All of this in less than 8 hours. The good news, is that I now know the Parnassus campus of UCSF like the back of my own hand.
Round two of testing happened in early May. It started with an early morning abdominal ultrasound. This is one of the most important tests as they look for an enlarged liver, scarring, gallstones, or any other abnormality in my liver, any of which would have instantly disqualified me as a donor. The test itself took around an hour, and I did not know the results of the tests until way later. I was asked for more blood tests, this time the phlebotomist had to take blood in a slightly unusual method; immediately placing the blood on ice to preserve the homocysteine levels within the blood.
I met with an Internist regarding my medical history, who also performed a physical on me looking for any signs which would discredit my viability of my donation. I was asked questions about my medical history once again, and was once again brutally honest. The good news is that I had passed all of the tests so far, and things continued to look good for the potential donation.
Round three of testing included meeting with a Psychologist to ensure that I was of sound mind and that I was not being persuaded in any way to give up my liver for cash, or any other reason. I am happy to report that I passed with flying colors. Apparently there are quite a few people that get this far through the process of the living donor evaluation before being denied as a donor for being under duress, or worse, not cognoscente enough to make the decision to donate their own organ.
I then sat and waited to have a contrast CT scan, which if you have never had one, it makes you feel like you peed your pants, not a very fun sensation. This is a very important step in the evaluation process as it provides a map of the vein structure within the liver, allowing the surgeon to see exactly where they can make their incisions for the operation. Note that the surgeons will use existing veins and arteries in the donated portion of liver to tie back into the veins/arteries of the recipient.
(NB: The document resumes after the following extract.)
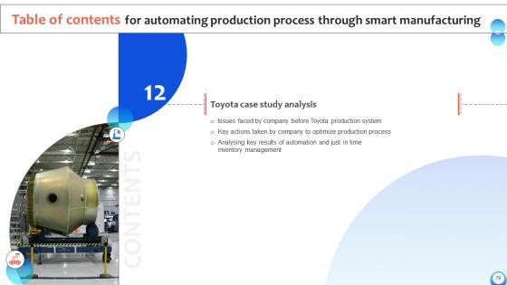This modern and well-arranged Table Of Contents Automating Production Process Through Smart Manufacturing Strategy SS V provides lots of creative possibilities. It is very simple to customize and edit with the Powerpoint Software. Just drag and drop your pictures into the shapes. All facets of this template can be edited with Powerpoint, no extra software is necessary. Add your own material, put your images in the places assigned for them, adjust the colors, and then you can show your slides to the world, with an animated slide included. Our Table Of Contents Automating Production Process Through Smart Manufacturing Strategy SS V are topically designed to provide an attractive backdrop to any subject. Use them to look like a presentation pro.
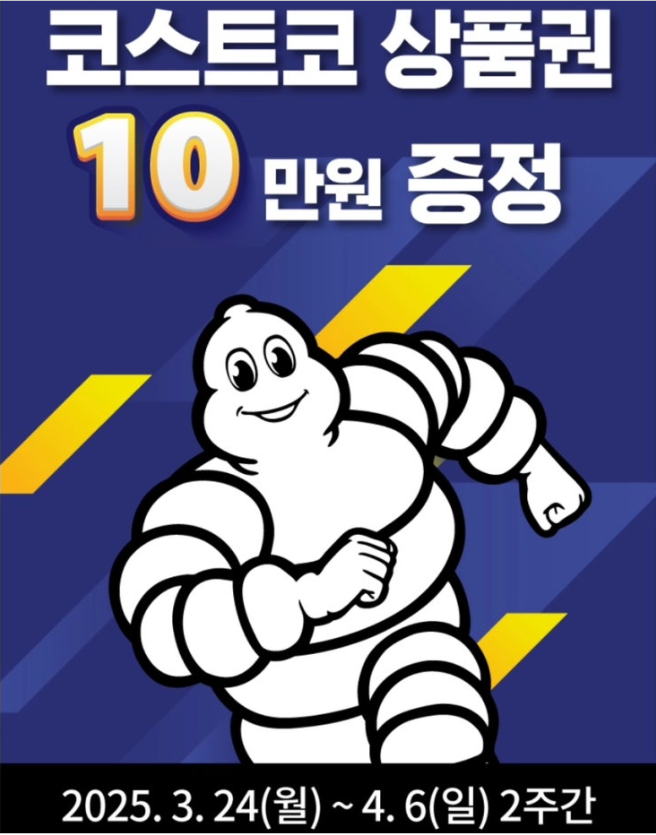 2025년 3월 24일(월)부터 4월 6일(일)까지 총 2주간 진행되는 이번 이벤트는 전국 코스트코 타이어 센터와 온라인몰에서 동시에 적용되며, 행사 기간 내 구매 및 장착을 완료해야 상품권 혜택을 받을 수 있습니다.

I also had an MCRP which means they stuck me into an MRI machine, with an IV, then injected a contrast metal called gadolinium into my bloodstream so they can map the vein structure in my liver in 3D. The MCRP was extremely difficult because you have to keep your hands above your head while staying completely still and holding your breath for 1-minute intervals non-stop for over an hour. My arms were burning and throbbing after the procedure, but I knew I was almost at the home stretch of testing.
What else could be left to test?
Not much else. I had one final blood test to confirm my general health. I was asked to get a TB test from my local healthcare provider, which I did without incident. I was also asked to donate blood… to myself. Autologous Blood Donation, is the more technical term. Best part about donating blood? All the cookies and juice that you can drink after donating.